If your grant is active, and you have applied for the service access, the request should be accepted in about half an hour. Please report any issues through the helpdesk.
Machine description
Available login nodes:
- ssh <login>@ares.cyfronet.pl
Note that Ares uses PLGrid accounts and grants. Make sure to request the "Ares access" access service in the PLGrid portal.
Ares is built with Infiniband EDR interconnect and nodes of the following specification:
Partition | Number of nodes | CPU | RAM | RAM available for job allocations | Proportional RAM for one CPU | Proportional RAM for one GPU | Proportional CPUs for one GPU | Accelerator |
---|---|---|---|---|---|---|---|---|
plgrid (includes plgrid-long) | 532 + 256 (if not used by plgrid-bigmem) | 48 cores, Intel(R) Xeon(R) Platinum 8268 CPU @ 2.90GHz | 192GB | 184800MB | 3850MB | n/a | n/a | |
plgrid-bigmem | 256 | 48 cores, Intel(R) Xeon(R) Platinum 8268 CPU @ 2.90GHz | 384GB | 369600MB | 7700MB | n/a | n/a | |
plgrid-gpu-v100 | 9 | 32 cores, Intel(R) Xeon(R) Gold 6242 CPU @ 2.80GHz | 384GB | 368000MB | n/a | 46000M | 4 | 8x Tesla V100-SXM2 |
Job submission
Ares is using Slurm resource manager, jobs should be submitted to the following partitions:
Name | Timelimit | Resource type (account suffix) | Access requirements | Description |
---|---|---|---|---|
plgrid | 72h | -cpu | Generally available. | Standard partition. |
plgrid-testing | 1h | -cpu | Generally available. | Only for testing jobs, limited to 1 running or queued job, 2 nodes maximum, high priority. |
plgrid-now | 12h | -cpu | Generally available. | Intended for interactive jobs, limited to 1 running or queued job, 1 node maximum, the highest priority. |
plgrid-long | 168h | -cpu | Requires a grant with a maximum job runtime of 168h. | Used for jobs with extended runtime. |
plgrid-bigmem | 72h | -cpu-bigmem | Requires a grant with CPU-BIGMEM resources. | Resources used for jobs requiring an extended amount of memory. |
plgrid-gpu-v100 | 48h | -gpu | Requires a grant with GPGPU resources. | GPU partition. |
If you are unsure of how to properly configure your job on Ares please consult this guide: Job configuration
Accounts and computing grants
Ares uses a new naming scheme for CPU and GPU computing accounts, which are supplied by the -A parameter in sbatch command. Currently, accounts are named in the following manner:
Resource | account name |
---|---|
CPU | grantname-cpu |
CPU bigmem nodes | grantname-cpu-bigmem |
GPU | grantname-gpu |
Please mind that sbatch -A grantname
won't work on its own. You need to add the -cpu, -cpu-bigmem, or -gpu suffix! Available computing grants, with respective account names (allocations), can be viewed using the hpc-grants
command.
Resource allocated on Ares doesn't use normalization, which was used on Prometheus and previous clusters. 1 hour of CPU time equals 1 hour spent on a computing core with a proportional amount of memory (consult the table above). The billing system accounts for jobs with more memory than the proportional amount. If the job uses more memory for each allocated CPU than the proportional amount, it will be billed as it would have used more CPUs. The billed amount can be calculated by dividing the used memory by the proportional memory per core and rounding the result to the closest and larger integer. Jobs on CPU partitions are always billed in CPU hours.

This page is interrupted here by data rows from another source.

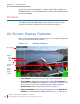 C h a p t e r 1 In s t a l la t i on O n - S c r ee n D i sp la y F e a t u r es to the unit. If the temperature is above 104°F (40°C) allow an additional 1RU 1.75” (44.45mm) space above and below the unit for air circulation. DC Power The MPEG-3270 and MPEG-4290 require 24 VDC at 3 Amps. They cannot be harmed by accidental reverse connection of power. On-Screen Display Features Some of the monitor display features (Figure 1–1) can be rearranged on the screen as described in this section.
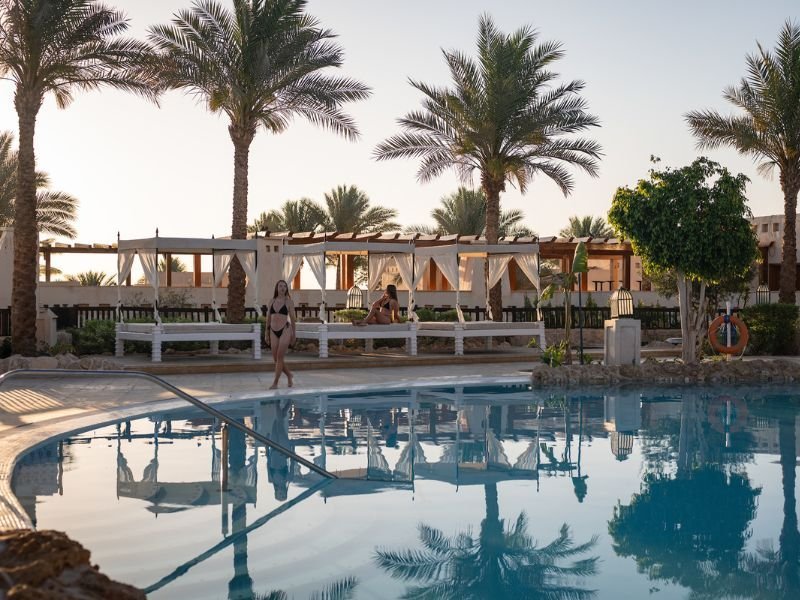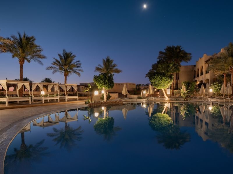 LEGA: Preprost kompleks se nahaja na rahli vzpetini v počitniškem predelu Ras Um Sid. Z lepe in urejene zasebne plaže se odpira čudovit pogled na morje. Zaradi koralnega grebena, ki sega vse do plaže, je dostop do morja omogočen po pomolu in je primeren samo za spretne plavalce (priporočamo čevlje za v vodo). Hotel zaradi stopnic in teras ni primeren za osebe na invalidskem vozičku ali otroške vozičke. Čas transferja od letališča približno 30 minut.
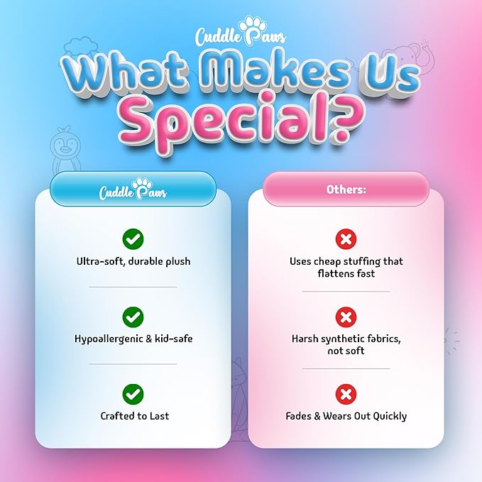 - Premium Quality & Safe Materials - Made with non-toxic, hypoallergenic materials, the Cuddle Paws Penguin Plush Pillow is safe for children (ages 3+) and plush enthusiasts of all ages. The ultra-soft outer fabric is gentle on the skin, while reinforced stitching ensures long-lasting durability. Unlike ordinary plush toys, this stuffed cat maintains its fluffiness and shape, providing a consistent cuddly experience. Easy to clean and low-maintenance, it’s built for years of love and snuggles.

The same principle was applied to GPU resources, where the GPU-hour is a billing unit, and there are proportional memory per GPU and proportional CPUs per GPU defined (consult the table above).
The cost can be expressed as a simple algorithm:
cost_cpu = job_cpus_used * job_duration cost_memory = ceil(job_memory_used/memory_per_cpu) * job_duration final_cost = max(cost_cpu, cost_memory)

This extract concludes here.